Tarih bilgisine sahip bir insan bu lafları edemez. Çünkü zaten Yunan medeniyeti denilen şey, Yunanlıların Mezopotamya, Mısır, Fenikeliler ve   çeşitli Anadolu uygarlıklarından   elde ettikleri bilgilerden ibarettir.



Phosphorus said:


> Milliyetçilikten otur gerçeği feda etmek, hatadir. Orta Asiadaki Turkler Sumerilerile hiç raptlar yok-bilimsel bir bakişdan, meğer bu ki gerçekten ikiside insanimişlar!



Sümerler döneminde Türkçe diye bir dil henüz  yoktu tabii. Türkçe'nin atası olan dil ve Sümerce arasındaki ilişkiden söz edilebilir ancak. Ayrıca çok eski bir dil olduğu için Sümerce ve onunla akraba diller pek çok dile kaynaklık etmiş olabilir. Ama şöyle de bir hakikat var: Sadece Türkçe değil Ural dilleriyle de Sümerce arasında akrabalık bağı bulan dilbilimciler var.
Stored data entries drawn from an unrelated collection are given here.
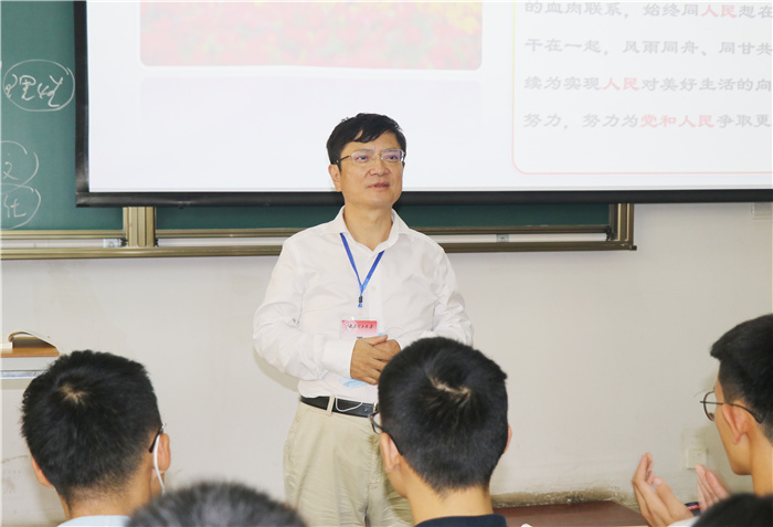 当天下午,在明向校区行知楼B115教室,校党委书记郑强深入马克思主义学院朱颖原老师的课堂,听取朱老师讲授的《马克思主义基本原理》第一课。课堂上,朱老师情绪饱满、思想厚重的讲授不仅点燃了整个课堂,而且引导同学们深入思考“中国共产党为什么能,中国特色社会主义为什么好,归根结底是因为马克思主义行”这一重要命题。郑强对朱颖原老师认真负责的教学态度、丰富生动的教学内容和显著的教学效果给予充分肯定。“这堂思政课有温度、有厚度、更有烈度”,他表示,整堂课朱老师情绪饱满、充满激情,深深地感染了课堂上的每一位同学,而且课堂内容充满了思想的厚度和浓度,没有任何虚浮的空谈,紧密地结合了新时代伟大中国“两个一百年”奋斗目标以及与世界形势的对比,带给青年大学生极大的思想冲击。“我为我们350vip浦京集团官网有这样杰出的思政课教师而感到骄傲!”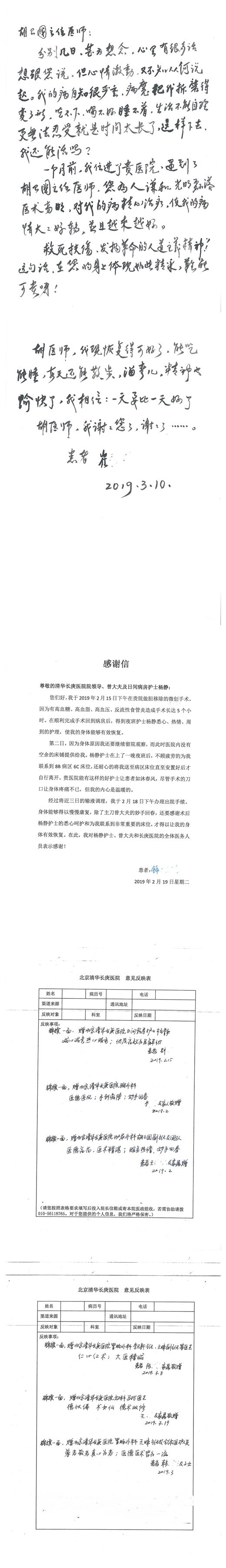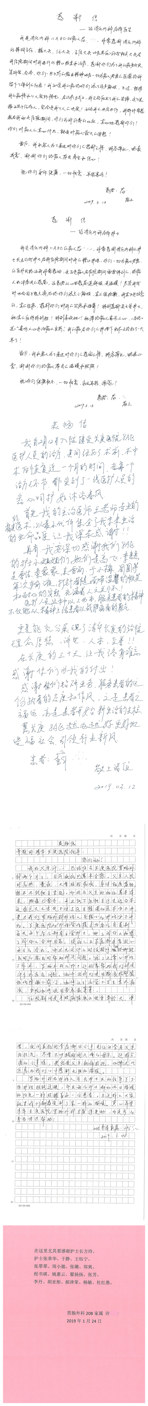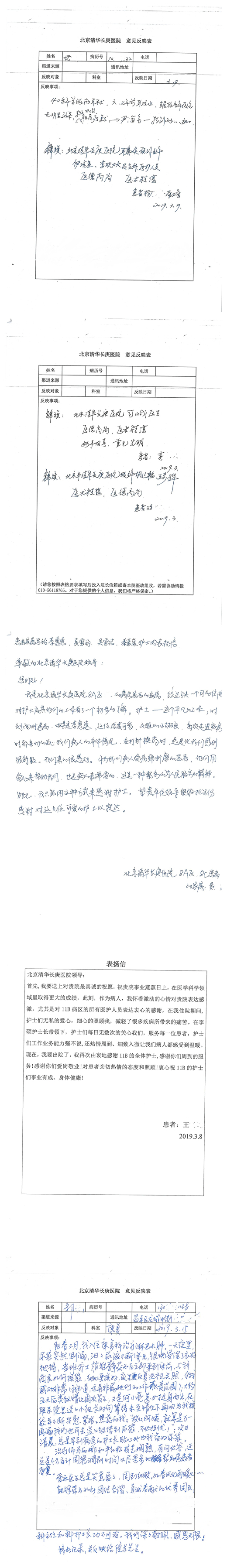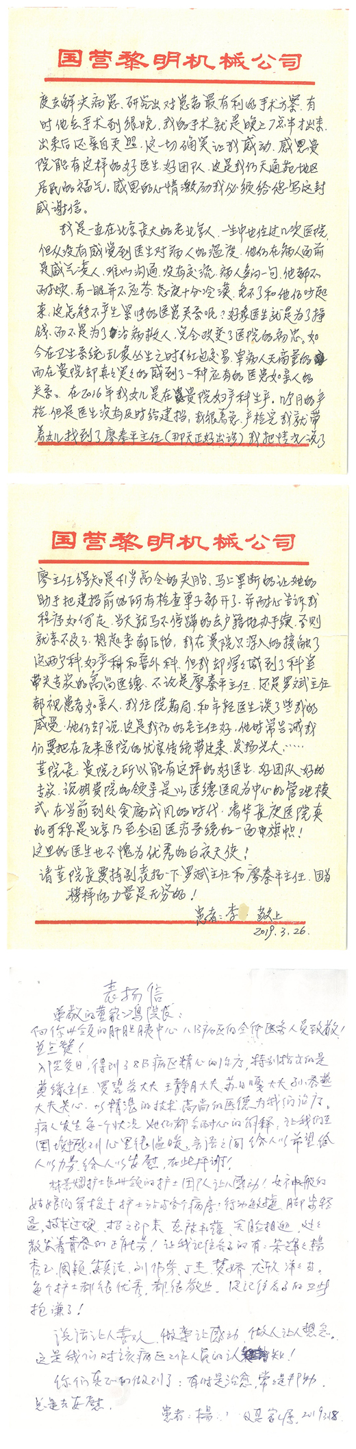 2019年3月,我院共接到患者及家属感谢信59封,其中肝胆胰外科董家鸿主任医师、曾建平主治医师、王良主治医师、公磊主治医师、王学栋主治医师,肝胆介入科张跃伟主任医师,神经外科王贵怀主任医师、章薇主治医师、董生主治医师,普通外科罗斌主任医师、霍东方主治医师、白熠州主治医师,胃肠外科李元新主任医师、王峰副主任医师,骨科潘勇卫主任医师、蔡谞主任医师、陈连旭主任医师、赵喆主治医师,泌尿外科胡卫国副主任医师、王强副主任医师,心脏内科缪国斌主任医师、李艳芳主任医师、刘元伟副主任医师、薛亚军主治医师、周博达主治医师、谢颖主治医师、张鸥医师、易婷医师,呼吸与危重症医学科郭军副主任医师、赵景全主治医师、高博医师,普通内科马序竹主任医师,消化内科蒋绚主任医师、王佳主治医师、任渝棠主治医师、魏正杰医师、吴文星,肝胆内科黄缘主任医师、罗碧芬主治医师、王静月医师、孙春燕医师、苏日嘎医师,妇产科廖秦平主任医师、张蕾副主任医师、马珂副主任医师、王晓茜主治医师,康复医学科潘钰主任医师、李欣主治医师、樊森朝、尹航、马丽娜、严红松、庞雪,皮肤科蒋源副主任医师、温妮医师,眼科胡运韬主任医师、司山成主治医师、王奇骅医师,中医科刘承主治医师、秦建婷医师、赵佳,耳鼻咽喉头颈外科伊海金副主任医师、李欣副主任医师,急诊科王非主治医师,放射治疗科黎功主任医师、李广欣主治医师,检验科赵荣荣,护理部段中萍、袁子淇、杨迎春、高飞、季惠惠、吴雪洁、秦蒙蒙、袁雪丽、于晓梅、周圆、王丽、穆娟、李佳、阴晴、覃丽娜、王英华、赵雅静、何小亮、杨静、王宇、石晓丹、孟令玉、范茄会、王梦欢、张楠、林景熠、宋辉辉、杨秀玉、周颖、安金杰、刘伟芳、丁杰、孟娇、尤欣、张洋洋、李硕、李佳、苏阳、薄燕娜,康复医学科、神经外科、11B全体护士以及心脏内科、神经外科、康复医学科全体医护人员收到具名表扬。特此公告,以资鼓励!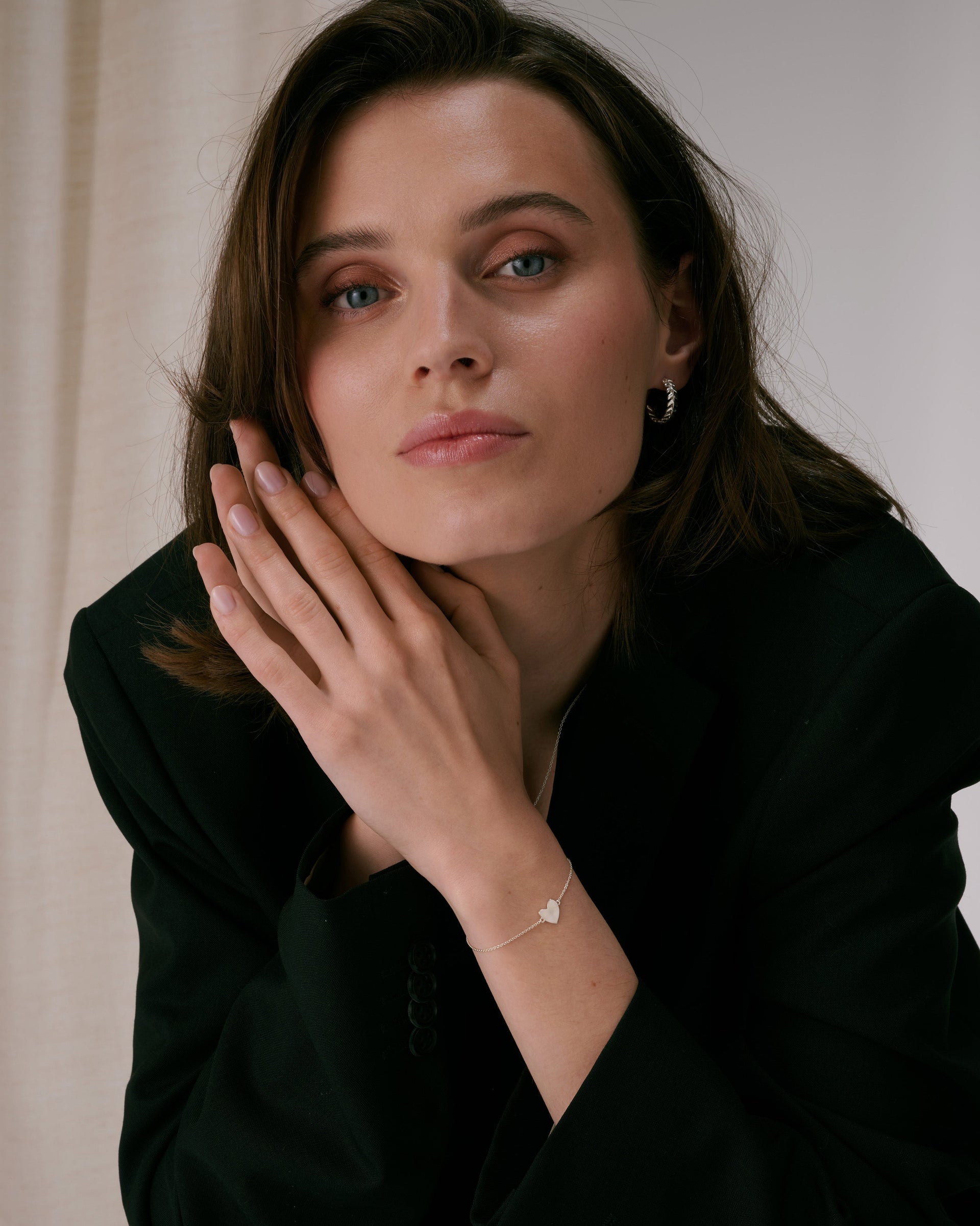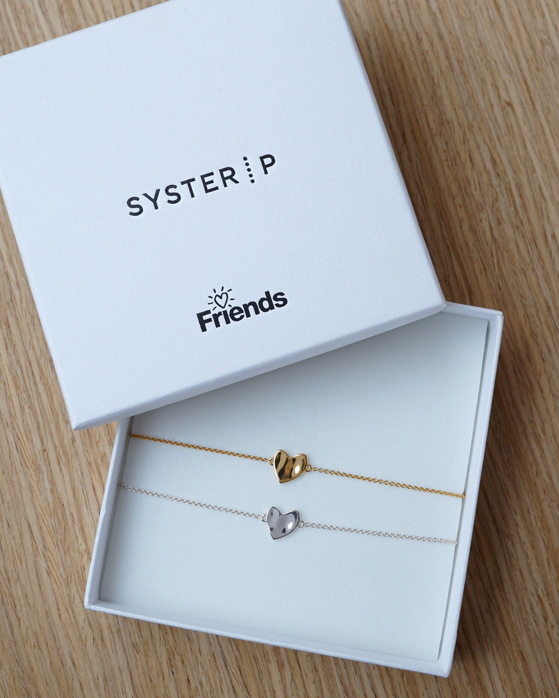 • A close-up of a model wearing three layered silver necklaces: the top Minimalistica Solo Nova Necklace with a white topaz stone, the middle Sheer Mirror Necklace, and the bottom Sunburst Heart Necklace.A product shot of the Sunburst Heart Necklace in silver, featuring a fine chain and a heart-shaped pendant with an engraved sunburst pattern.A product shot of the Sunburst Heart Necklace in silver, featuring a fine chain and a heart pendant with an engraved sunburst pattern.A product shot of the Sunburst Heart Necklace in silver resting on a white Syster P jewelry box tied with a black ribbon, showcasing its heart-shaped pendant with a sunburst pattern.A close-up shot of a model wearing the Sunburst Heart Necklace in silver, featuring a delicate chain and a heart pendant with a sunburst pattern.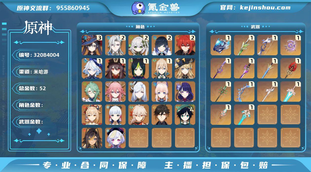邮箱: 未绑定 总黄数: 52 冒险等级: 60 3命金色角色: 三命莫娜 2命金色角色: 二命迪卢克,二命夜兰,二命纳西妲,二命那维莱特 1命金色角色: 一命琴,一命胡桃,一命提纳里,一命芙宁娜 0命金色角色: 温迪,枫原万叶,神里绫华,宵宫,七七,钟离,雷电将军,珊瑚宫心海,申鹤,八重神子,迪希雅,白术,娜维娅 1精武器: 雾切之回光,和璞鸢,天空之傲,风鹰剑,天空之刃,天空之脊,护摩之杖,薙草之稻光,不灭月华,苍古自由之誓,冬极白星,若水,裁叶萃光,万世流涌大典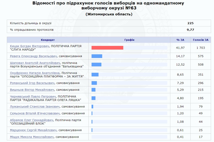 По ОВК №63 (Бердичів) опрацьовано 9,77% протоколів: лідирує Богдан Кицак – 41,9%, Олександр Ревега – 14,1%, Анатолій Шаповал – 12,5%.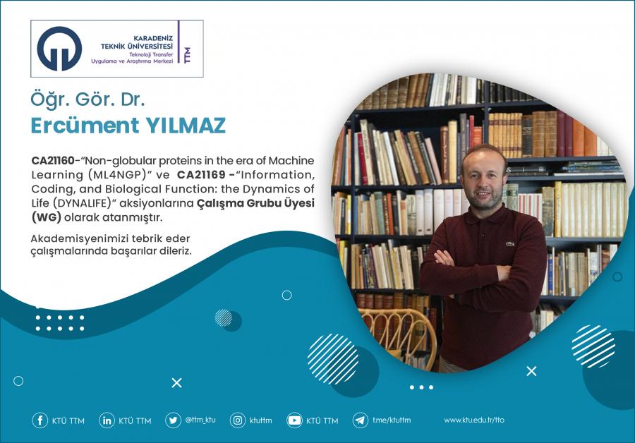 Üniversitemiz Trabzon Meslek Yüksekokulu Bilgisayar Teknolojileri Bölümü öğretim üyesi Öğr. Gör. Dr. Ercüment YILMAZ, COST Programı’nın “CA21160 - Non-globular proteins in the era of Machine Learning (ML4NGP) ve “CA21169 - Information, Coding, and Biological Function: the Dynamics of Life (DYNALIFE)” aksiyonlarına Çalışma Grubu Üyesi (WG) olarak atanmıştır.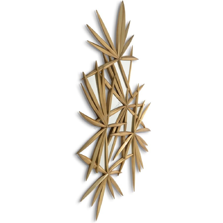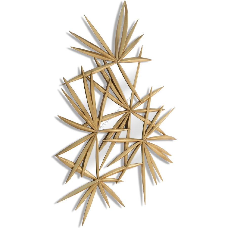 A cluster of starburst forms in exquisitely hand carved wood are scattered with mirror panes, to create a spectacular piece bridging wall art and a practical mirror frame.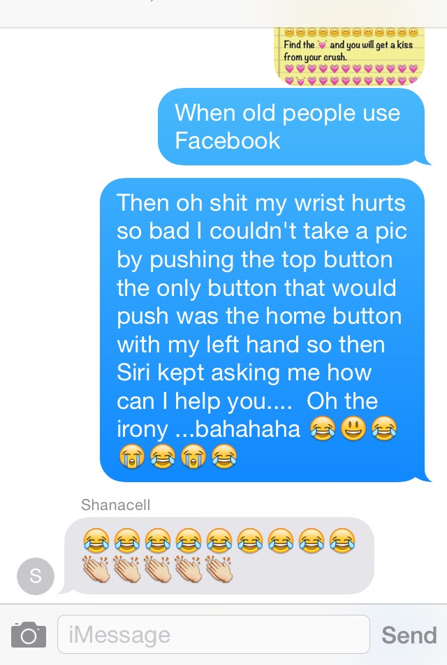 I sent her a screen shot of Mom’s meme [sorry Mom, no offense, it’s one of your charms, actually] followed by the text: “when old people use Facebook,” only in order to take this screen shot I had to be able to use my hand, which I couldn’t do.  My message read:

Sümerce ilk keşfedildiğinde Türkçeyle bağlantısı olduğunu iddia eden çok daha fazla dilbilimci vardı.


----------



## Jansay

Melaike said:


> Ne ima ediyorsunuz burada ? Hangi ecnebiler demiş bu sözü ?



Ecnebilerin yanlış bildiğini ima ediyorum. Meşhur birisi filan demedi; sadece internette rastladığım bir şeydi ve garibime gitti.


----------



## Phosphorus

Melaike said:


> Sümerler döneminde Türkçe diye bir dil henüz  yoktu tabii. Türkçe'nin atası olan dil ve Sümerce arasındaki ilişkiden söz edilebilir ancak. Ayrıca çok eski bir dil olduğu için Sümerce ve onunla akraba diller pek çok dile kaynaklık etmiş olabilir. Ama şöyle de bir hakikat var: Sadece Türkçe değil Ural dilleriyle de Sümerce arasında akrabalık bağı bulan dilbilimciler var. Sümerce ilk keşfedildiğinde Türkçeyle bağlantısı olduğunu iddia eden çok daha fazla dilbilimci vardı.



Vallah şuana kadar ben bir bilimsel belge görmemişem ki Türkçe, veya baska Altay diller, ve Sümerce arasinda akrabaligi teyit ede.

Hatta sadece Ural diller Altay dilleriyle yankinliklari şimdiye kadar ilme ait bir bakimindan ispat olmuyup, meger bu geçenlerde yine bir yeni farziya araya çikip ki Ural, Altay, ve Hint-Avropali diller arasinda bir akrabalik göriyor-yani sadece bu mafruz akrabalk Altay dillere özel değil.


----------



## ancalimon

İspatlanan bir akrabalık yok. Hattâ bildiğim kadarıyla ilk yazılı belgeleri arasında binlerce yıllık bir boşluk olan iki dili birbiriyle ilişkilendirebilecek bir metot ya da linguistik bir araç da yok.

Tuna'nın bütün ispatladığı şey Proto-Tigris konuşan ve kim olduğu bilinmeyen kişilerin Sümerceye ödünç verdikleri sözcüklerin Proto-Türkçe olması. Bu kişiler Sümerleri yoğun bir şekilde etkilemişler. Bir tahmin yürütmem istenirse, bu kişiler Türktür derdim. Ancak kesin olarak bir fikrim yok. Sonuçta nasıl her Oğuz, her Kazak, her Ogurun Türk olmak gibi bir zorunluluğu yoksa, her anadili Türkçe olanın da Türk olmak gibi bir zorunluluğu yok.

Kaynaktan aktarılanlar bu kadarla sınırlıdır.